To find the best credit repair companies, read reviews of each company you’re considering on Trustpilot or Google and check for complaints with the Better Business Bureau. Reviewers will often share if they were treated unfairly or scammed.
How much does credit repair cost?
Credit repair tends to be billed monthly, since repairing credit may be a months-long process. Many companies charge between $50 to $150 per month. The fees may vary based on what type of service you need.
For example, companies may charge a different fee if you want to build credit, repair credit or repair and build credit. The more services you need, the higher the fee will be.

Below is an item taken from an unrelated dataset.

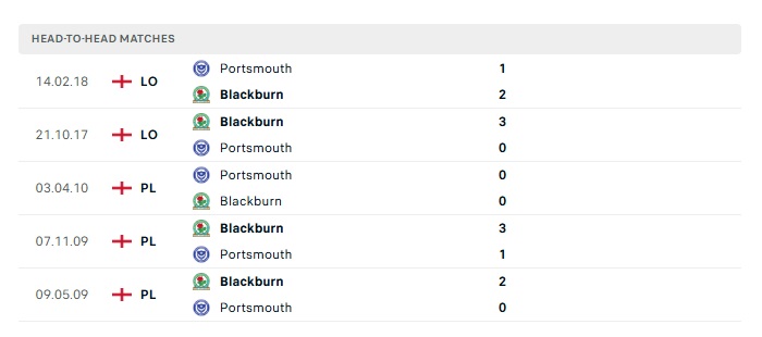 Lịch sử đối đầu Blackburn Rovers vs Portsmouth
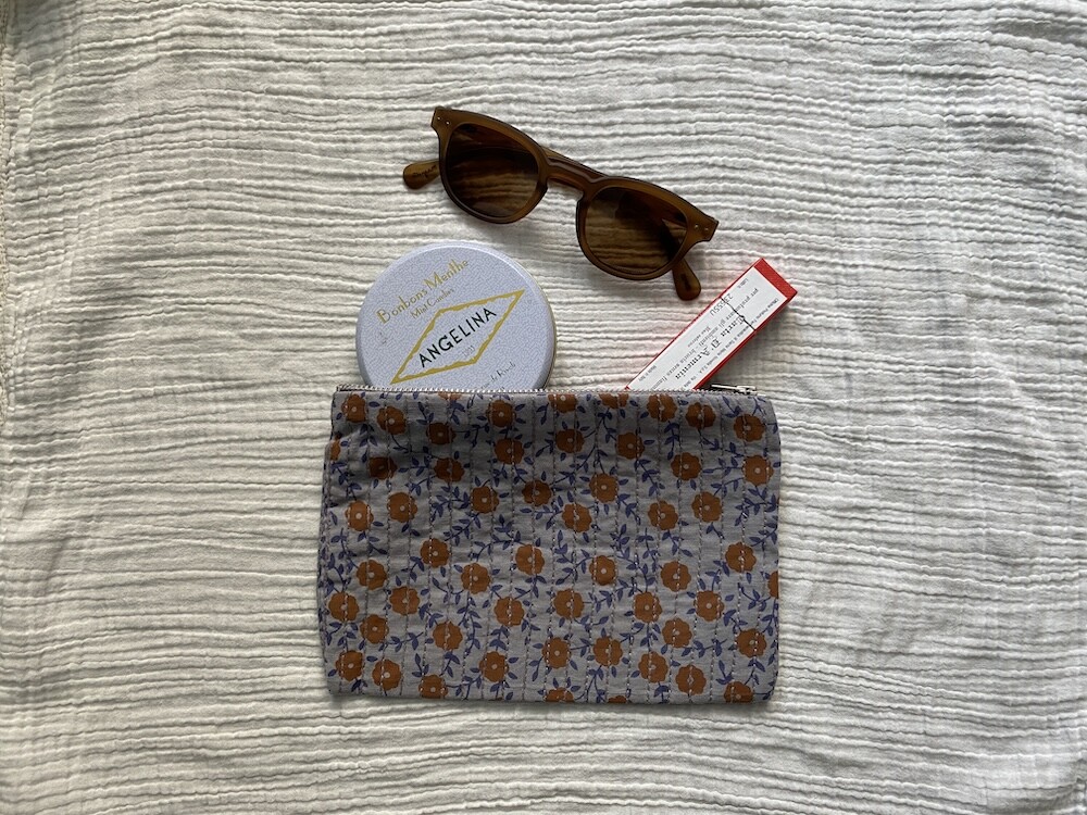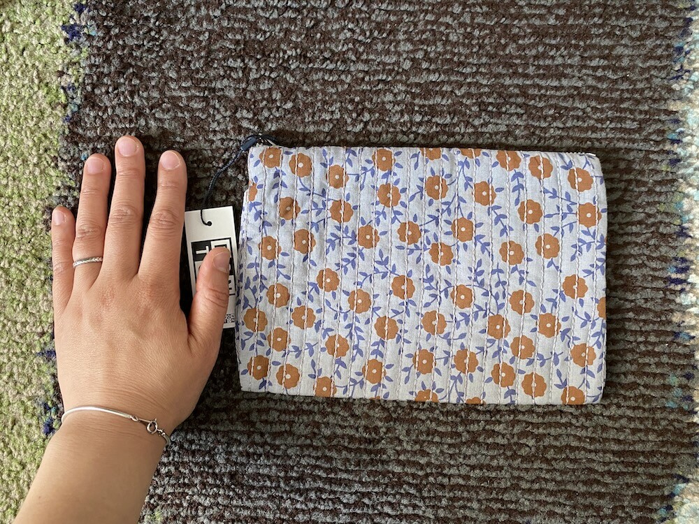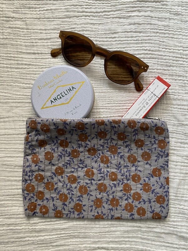 꽃 무늬의 면 원단에 실로 퀼트를 하여 빈티지한 느낌이 나는 파우치로, 선글라스까지 들어가는 사이즈라 이것저것 넣어 다니시기 편할 거예요.

Ways to improve your credit on your own
There are a few ways to boost your credit without having to use credit repair companies:
- It’s easy and free to access your credit reports. You can get weekly reports through AnnualCreditReport.com. You may also be able to access your credit score for free through your credit card company.
- Review your reports and dispute any errors by filing a dispute with the respective reporting bureau.
- Build good habits, like paying accounts on time, keeping your credit utilization rate low, keeping paid-off accounts open and not taking out more credit than necessary.
- You can also establish new credit by opening new accounts, being an authorized user on someone’s credit card, getting a credit builder loan or starting an account with a cosigner.
- Credit counseling is an alternative way to access assistance. Look for counselors through the National Foundation for Credit Counseling.
- You can also seek debt consolidation loans on your own. Be mindful that these are unsecured loans and lenders will rely on your credit profile to determine your interest rates. If you do decide to go this route, you may end up with a high interest rate until you improve your credit and refinance the loan.
Alternative credit repair options
You may want to consider credit counseling or a debt consolidation loan if you don’t think a credit repair is worth it. Credit counseling is similar to credit repair, while debt consolidation loans involve replacing your existing debt with a new loan.
How credit counseling works
Credit counseling may be offered by nonprofit counseling agencies free of charge, or for a fee by for-profit companies. You’re paired with a credit counselor who reviews your financial situation to come up with an action plan. In some cases, you may qualify for a debt management plan (DMP) that allows the agency to negotiate your debt on your behalf, similar to how a credit report company works.
How debt consolidation loans work
A debt consolidation loan is a personal loan used to pay off high-interest-rate debt. It can be especially useful for combining multiple credit cards and replacing them with one new loan at a fixed payment. You can pick terms ranging from one to seven years to fit your budget.
Because it’s an installment loan, using a debt consolidation loan to pay off credit card debt could reduce your credit utilization ratio and give you credit a nice bump. The drawbacks are fees that can be as high as 12 percent of your loan amount, while bad credit APRs go as high as 35.99 percent.
Bottom line
Repairing your credit can put you on track for a higher credit score, making it easier for you to qualify for other loans with favorable terms in the future. Using a credit repair company can make this process easier, but it also comes at a cost.
If you’re diligent enough, you can repair your credit on your own for free, but it will require a significant time commitment and disciplined follow up. It may be worth it to seek out credit counseling before you pursue a credit repair company to get an unbiased opinion of your financial outlook first.